A 10(b)5-1 helps you to set up a trading plan that doesn’t lock you into a set trading window. The plan allows you to trade a set number of company shares at a set price, as long as you agree to sell the shares at a predetermined time. This time is completely set by you, the employee. This can be a convenient tax planning tool that helps you to sidestep the frustrating trading schedule of other plans and stock options.

An ESPP is a stock trading plan for employees that allows them to purchase company shares at a discounted price. Employers usually allow you to set up share purchasing through payroll deductions.

These tools can help you manage your taxable income, avoid concentrated stock positions, and build a more diversified portfolio.

What’s Your Strategy?

If your company is heading toward an IPO, it’s time to get serious about tax planning. Having a strategy in place that determines what you’re going to sell (and when) can help you to mitigate the immeasurable impact that taxes will have on your income after IPO.

Here’s how to get started:

Your first step should be to sell RSU and new ESPP shares ASAP. This helps you to free up the necessary cash that will help you to pay your taxes in the filing season after IPO. Selling your RSUs and new ESPP shares also helps you to diversify your investment portfolio. Even if your company is doing incredibly well, that doesn’t mean it’s going to be that way for forever. Having a diverse portfolio that doesn’t have too much stock in one company (even if that company is your company) is in your best interest. Don’t put all of your eggs in one basket, so to speak.
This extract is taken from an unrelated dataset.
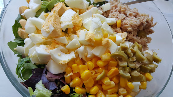 Por último añadimos un par de cucharas de maíz y unas pocas aceitunas. Como se trata de un relleno tipo ensalada podéis variar los elementos y añadir los que más os gusten, pero esta combinación queda muy bien.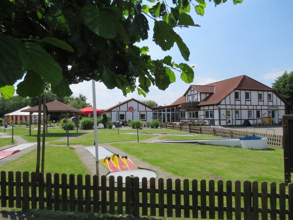 Holiday for the whole family in the holiday home Hanse in the holiday village Altes Land. The holiday village is located directly on the Elbe dike, in an old fruit farm in the community Hollern-Twielenfleth. Whether big or small - in the holiday village, all guests are the largest and the four-legged friends are welcome in most homes. In addition to a bicycle rental, a miniature golf course and a playground is also a multipurpose court for football, volleyball, Swingo bowling, bocce, football billiards and table tennis in the village. Walking for miles along the dike, cycling or inline skating, dreaming on the Elbe beach, the children play with friends and in the evening you can relax comfortably in your holiday home or in a convivial round in 2014 newly opened Café & Restaurant "Auszeit" with summer terrace. In a few minutes you can reach both the multi-generational park, the heated outdoor pool directly on the Elbe, the bike park and the beautiful Elbsandstrand. Experience a great holiday in the most beautiful Elb holiday village between the Hanseatic cities of Hamburg and Stade.

Selling these shares also helps you to avoid adding to your already-concentrated stock position with your company, and helps you to avoid paying regular income tax on RSUs and being limited by capital losses on the shares. In short, selling RSUs and ESPP shares helps you to mitigate the impact of taxes and risk on your investment portfolio.

Get organized. Don’t wait till April to get organized for your April 15th tax deadline; start now. Waiting to get organized for tax season is never a good idea – but this is especially true after an IPO. You have too many pieces to your financial puzzle right now to procrastinate. The longer you wait, the more likely you are to feel rushed and potentially miss a key piece of information that could save you thousands on your taxes.

Plan around your trading windows. Trading windows are something new you have to deal with after an IPO, and it might feel stressful to suddenly have a new timeline to consider. However, as long as you’re staying tax aware when exercising and selling within your trading windows, you should be able to trade successfully in a way that mitigates the impact of taxes come filing season.

If you don’t have a plan in place around how you want to approach your various stock options in a given trading window, you risk missing opportunities to sell your shares in a way that reduces taxes owed. You also put yourself at risk of incurring some hefty costs if you miss your window, which is something nobody wants to deal with.

The tax consequences of an IPO can be overwhelming, especially if you’re managing RSUs, ISOs, ESPPs, and trading windows for the first time. If you bury your head in the sand and continue to treat things as “business as usual,” it’s likely that you’ll end up paying more in taxes than you needed to due to missed opportunities.

Working with a tax advisor who understands IPOs and tech stock compensation can help you navigate this new financial chapter with confidence.